Escape from the Planet of the Day That Time Forgot

★★★
theatre review (edinburgh) | Read in About 2 minutes
Published 16 Aug 2016

Space opera gets a skewering in Gavin Robertson’s affectionate homage to B-movies and their clichés. The story of a dotty professor, his lab assistant and his young ward who go on an adventure into outer space is a charming love letter to both theatre and film, extolling the virtues of imagination and playing with audience expectation. 

The three characters constantly draw attention to their stock types. Robertson’s Professor speaks in clipped, quick speech. Katharine Hurst as the young ward insists how much she loves to cook and iron – there’s a huge number of ironic jokes about a woman’s place: “You’ve got to come along or there’d be no one to do any screaming,” says the Professor at one point. Simon Nader completes the trio as the lab assistant from Sunderland.

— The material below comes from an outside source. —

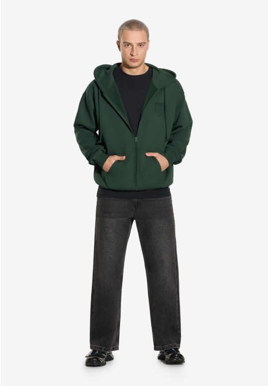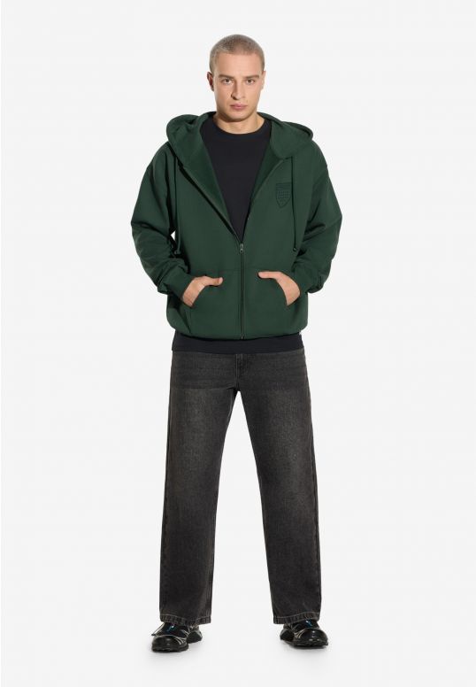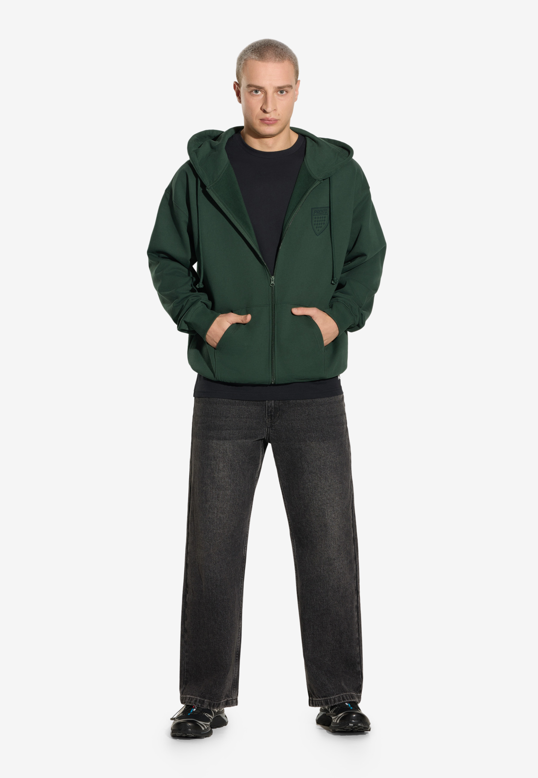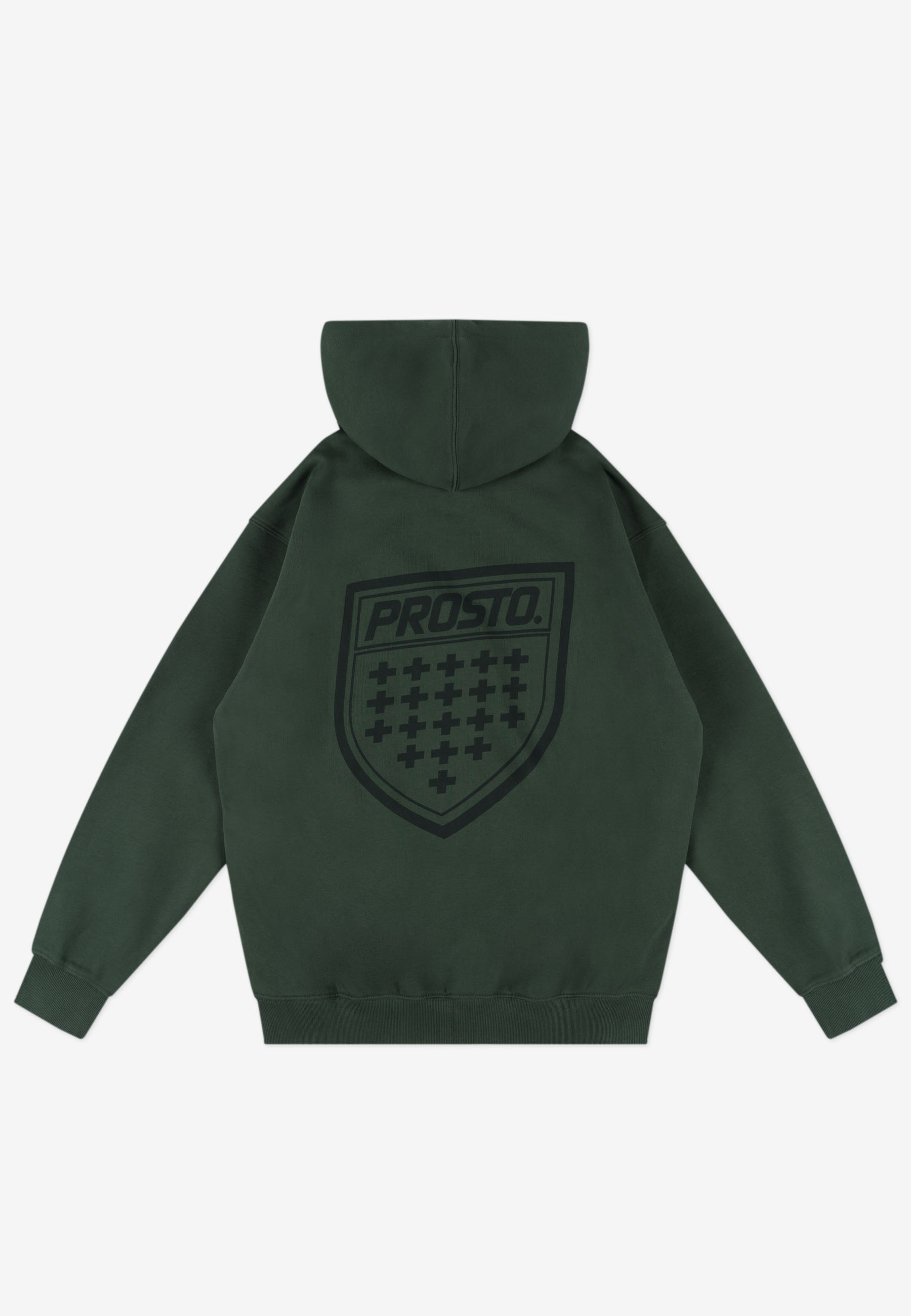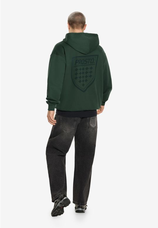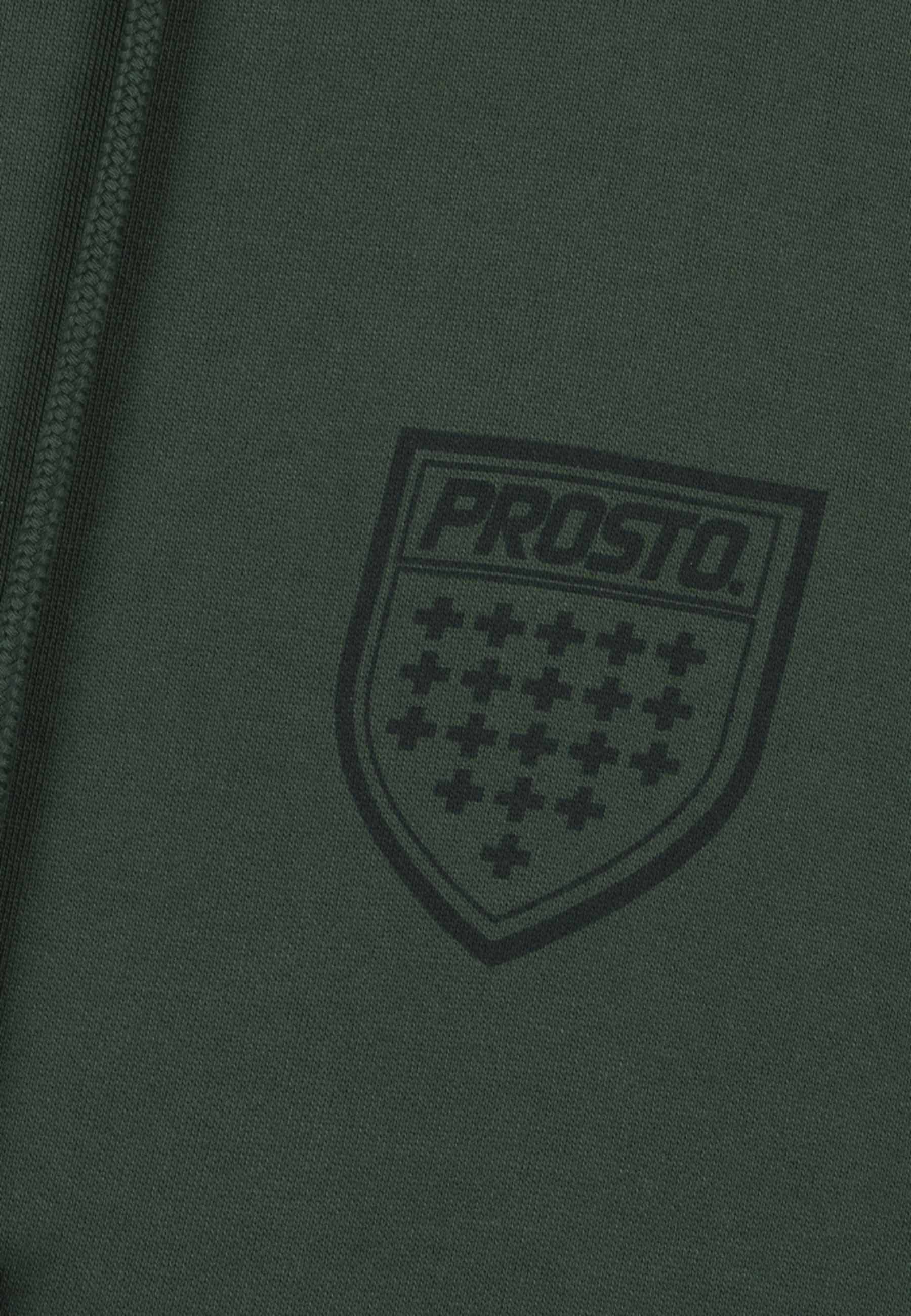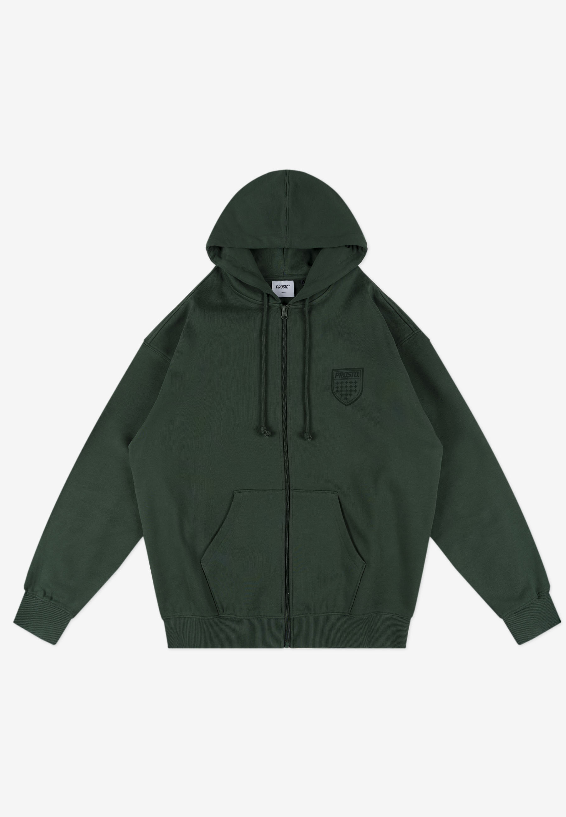 Zip Hoodie Shield Khaki – klasyczna bluza z kapturem z kolekcji Prosto, będąca częścią dropu inspirowanego kultową tarczą. Model ma regularny krój i został wykonany z grubej, bawełnianej dzianiny typu fleece, zapewniającej komfort i trwałość. Nadruk water print w odcieniu zbliżonym do koloru materiału nadaje całości stonowany, dopracowany wygląd. Bluza ma zamek na całej długości, kieszeń typu kangurka i elastyczne ściągacze, które gwarantują wygodne dopasowanie.

The script is fine, with all the clichés we’d expect, while the staging is deceptively simple. It’s a deliberately huge story, sprawling across time and space, which would be impossible to represent on stage, so we’re asked to imagine it instead. The show then becomes a silly celebration of the power of imagination in theatre, as an ironing board (and then a Dustbuster) becomes a rocket and a wall of cardboard boxes is manipulated into different scenes and sets.

Triffids make an appearance, as do the Norse gods Loki, Freya and Odin (not Thor, as “he’s in Hollywood now”). It’s a loveable show, often quite funny, even if it never really takes flight.